■ **What you need to do**
Give back the exact lines of the material below from the one containing "Image caption Nguyen" through the one containing "Als professionelles Hybrid-Instrument", and no pictures.

■ **Material for this task**
-- Opening Marker --

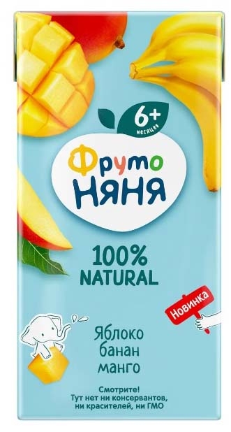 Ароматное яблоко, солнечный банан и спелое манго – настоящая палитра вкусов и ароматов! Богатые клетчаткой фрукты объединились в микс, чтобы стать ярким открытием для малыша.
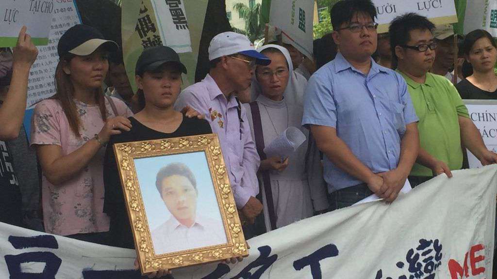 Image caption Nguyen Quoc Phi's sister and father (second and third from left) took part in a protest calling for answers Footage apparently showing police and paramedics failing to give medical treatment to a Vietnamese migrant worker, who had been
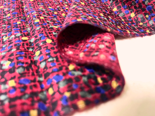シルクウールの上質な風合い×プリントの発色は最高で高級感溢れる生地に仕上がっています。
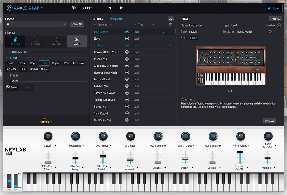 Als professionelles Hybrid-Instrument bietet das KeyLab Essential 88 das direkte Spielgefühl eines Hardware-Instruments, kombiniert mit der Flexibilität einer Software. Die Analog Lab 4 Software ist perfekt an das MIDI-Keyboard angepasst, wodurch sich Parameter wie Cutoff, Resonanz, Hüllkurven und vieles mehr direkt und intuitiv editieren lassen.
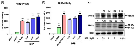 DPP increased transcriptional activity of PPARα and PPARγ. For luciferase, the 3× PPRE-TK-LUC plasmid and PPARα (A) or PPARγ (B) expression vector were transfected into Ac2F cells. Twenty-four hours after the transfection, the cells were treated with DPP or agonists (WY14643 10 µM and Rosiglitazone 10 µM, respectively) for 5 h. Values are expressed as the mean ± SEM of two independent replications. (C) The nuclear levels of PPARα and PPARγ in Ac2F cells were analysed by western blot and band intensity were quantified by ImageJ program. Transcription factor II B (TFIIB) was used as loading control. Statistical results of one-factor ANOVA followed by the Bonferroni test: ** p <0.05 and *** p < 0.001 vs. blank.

-- Closing Marker --
-- Opening Marker --

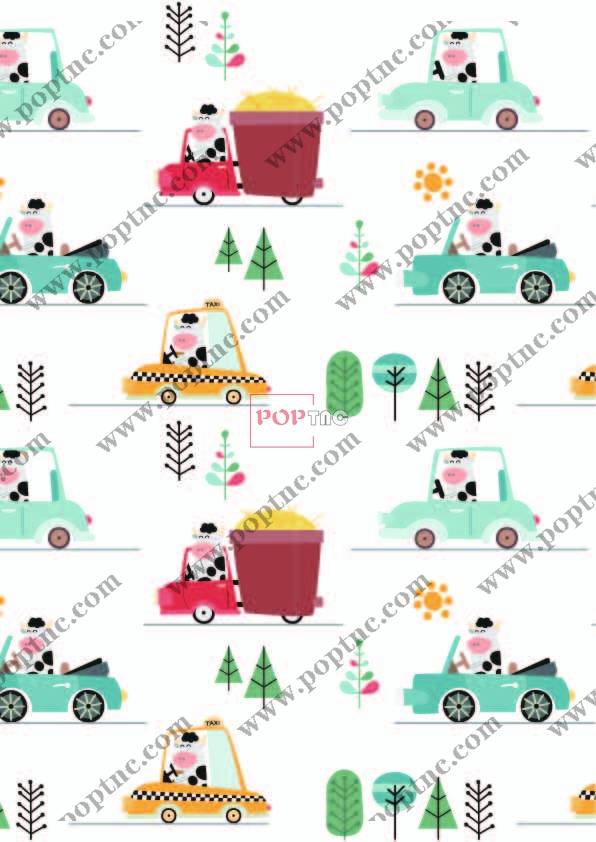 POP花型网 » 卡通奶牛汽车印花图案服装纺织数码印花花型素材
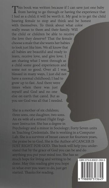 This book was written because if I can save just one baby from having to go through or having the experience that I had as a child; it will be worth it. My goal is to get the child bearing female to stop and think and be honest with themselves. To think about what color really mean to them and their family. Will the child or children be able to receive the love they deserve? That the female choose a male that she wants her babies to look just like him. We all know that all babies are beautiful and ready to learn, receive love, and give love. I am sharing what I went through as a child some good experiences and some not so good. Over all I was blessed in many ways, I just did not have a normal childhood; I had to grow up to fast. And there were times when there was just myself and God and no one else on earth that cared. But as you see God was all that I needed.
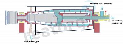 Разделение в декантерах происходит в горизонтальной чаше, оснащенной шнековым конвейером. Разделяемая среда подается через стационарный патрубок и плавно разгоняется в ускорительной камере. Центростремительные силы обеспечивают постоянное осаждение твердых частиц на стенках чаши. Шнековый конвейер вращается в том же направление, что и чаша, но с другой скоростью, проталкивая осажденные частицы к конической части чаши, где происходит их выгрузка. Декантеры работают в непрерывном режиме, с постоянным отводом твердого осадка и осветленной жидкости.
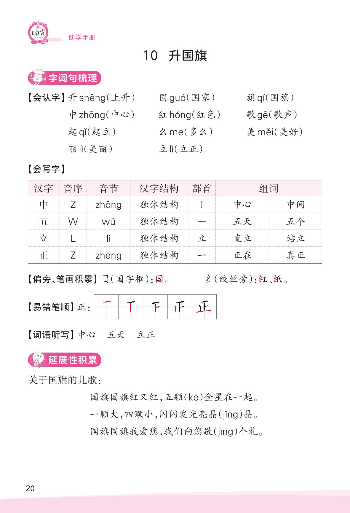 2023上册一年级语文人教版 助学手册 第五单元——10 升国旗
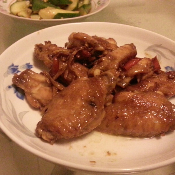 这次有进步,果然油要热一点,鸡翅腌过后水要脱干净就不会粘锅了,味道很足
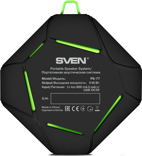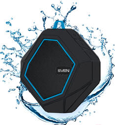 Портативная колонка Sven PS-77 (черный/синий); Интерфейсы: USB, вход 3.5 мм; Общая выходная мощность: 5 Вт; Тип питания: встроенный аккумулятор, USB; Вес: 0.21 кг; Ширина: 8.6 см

-- Closing Marker --
-- Opening Marker --

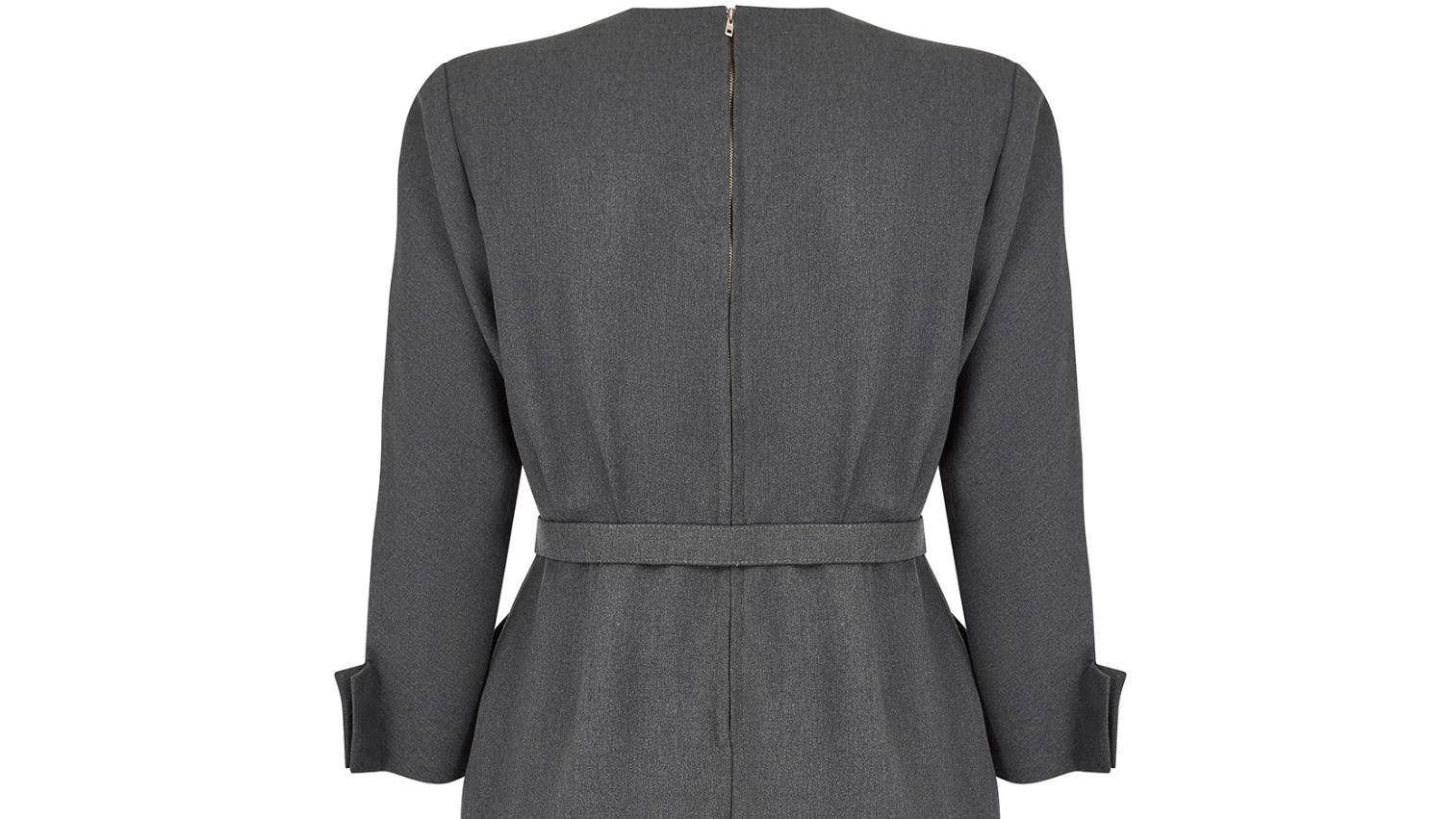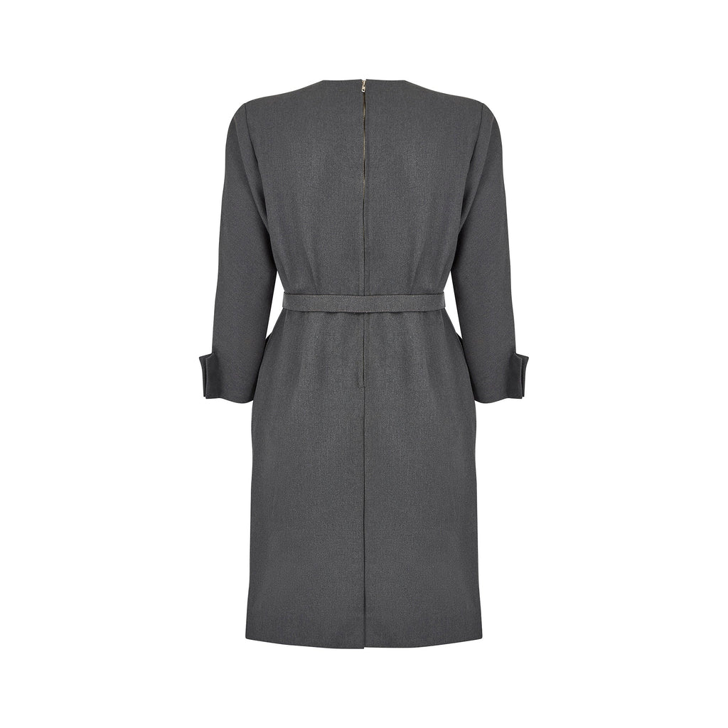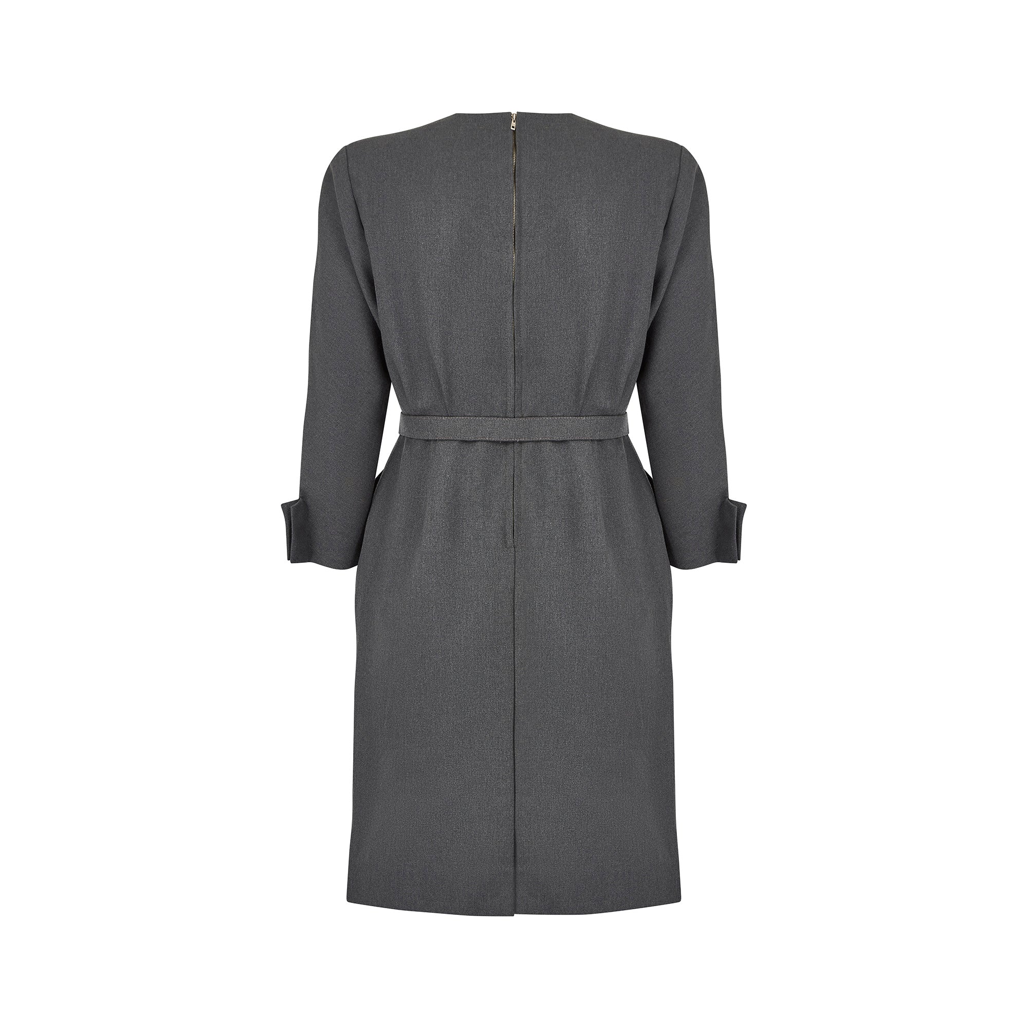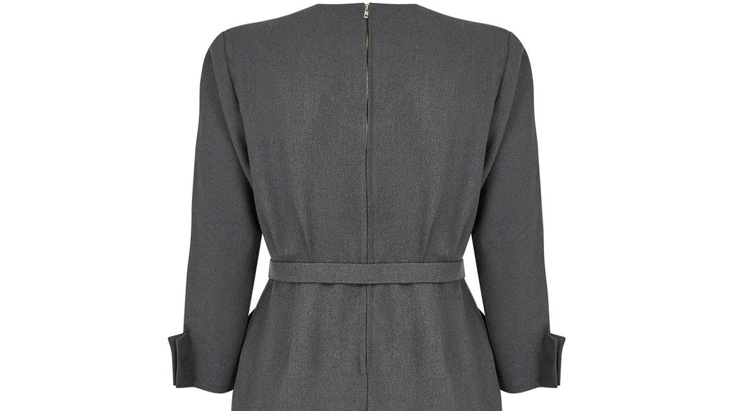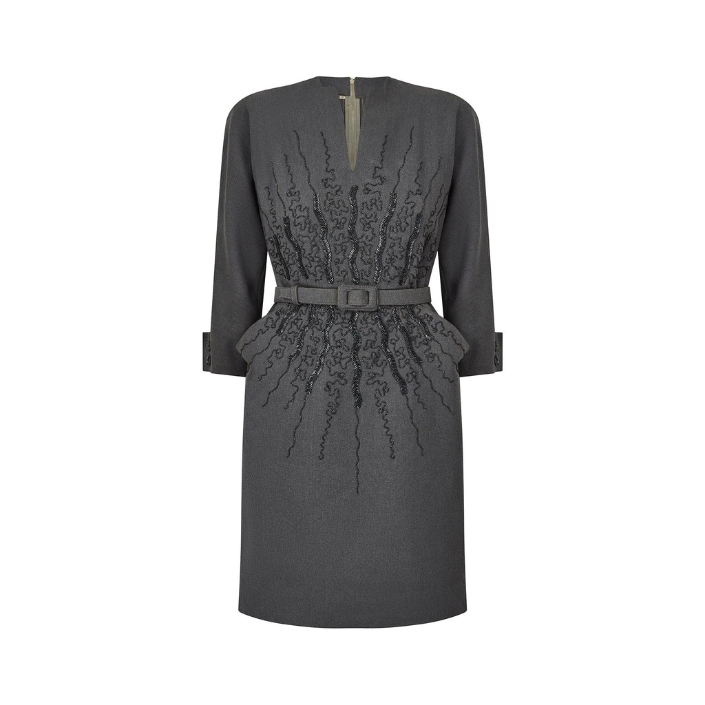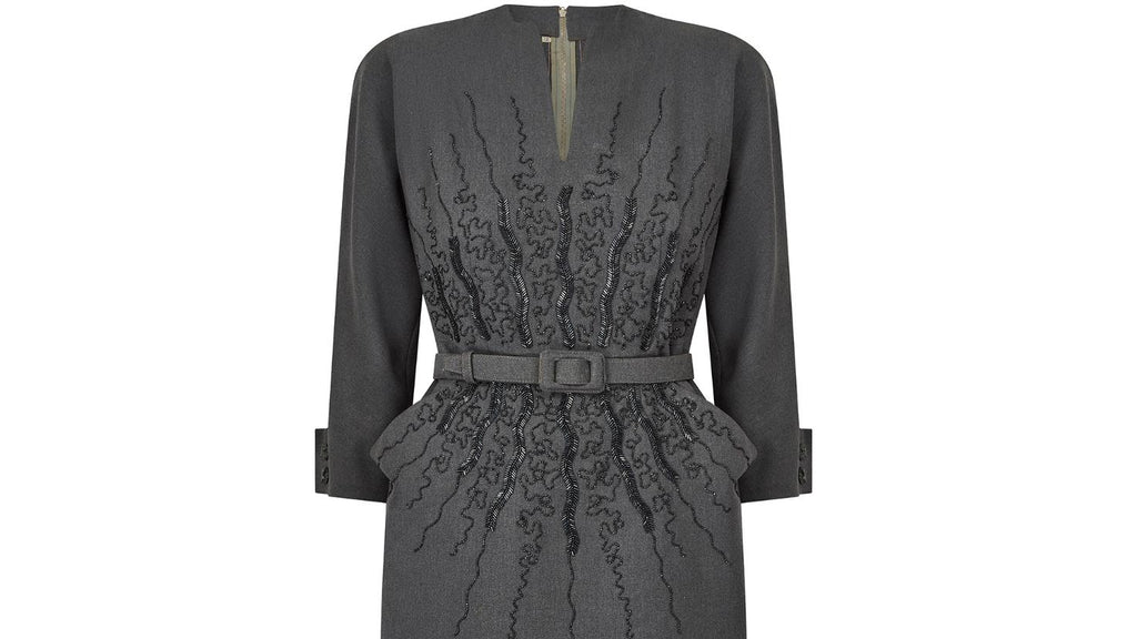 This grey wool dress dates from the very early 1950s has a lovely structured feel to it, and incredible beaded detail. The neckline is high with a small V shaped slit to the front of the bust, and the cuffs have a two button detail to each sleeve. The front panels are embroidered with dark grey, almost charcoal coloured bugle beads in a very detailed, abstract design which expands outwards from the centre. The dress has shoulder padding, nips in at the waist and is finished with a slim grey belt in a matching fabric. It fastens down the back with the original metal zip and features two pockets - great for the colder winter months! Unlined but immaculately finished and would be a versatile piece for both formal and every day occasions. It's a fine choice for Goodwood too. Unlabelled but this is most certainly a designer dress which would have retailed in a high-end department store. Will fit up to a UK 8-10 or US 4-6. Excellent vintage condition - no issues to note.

-- Closing Marker --

■ **Task output**
 Image caption Nguyen Quoc Phi's sister and father (second and third from left) took part in a protest calling for answers Footage apparently showing police and paramedics failing to give medical treatment to a Vietnamese migrant worker, who had been
シルクウールの上質な風合い×プリントの発色は最高で高級感溢れる生地に仕上がっています。
 Als professionelles Hybrid-Instrument bietet das KeyLab Essential 88 das direkte Spielgefühl eines Hardware-Instruments, kombiniert mit der Flexibilität einer Software. Die Analog Lab 4 Software ist perfekt an das MIDI-Keyboard angepasst, wodurch sich Parameter wie Cutoff, Resonanz, Hüllkurven und vieles mehr direkt und intuitiv editieren lassen.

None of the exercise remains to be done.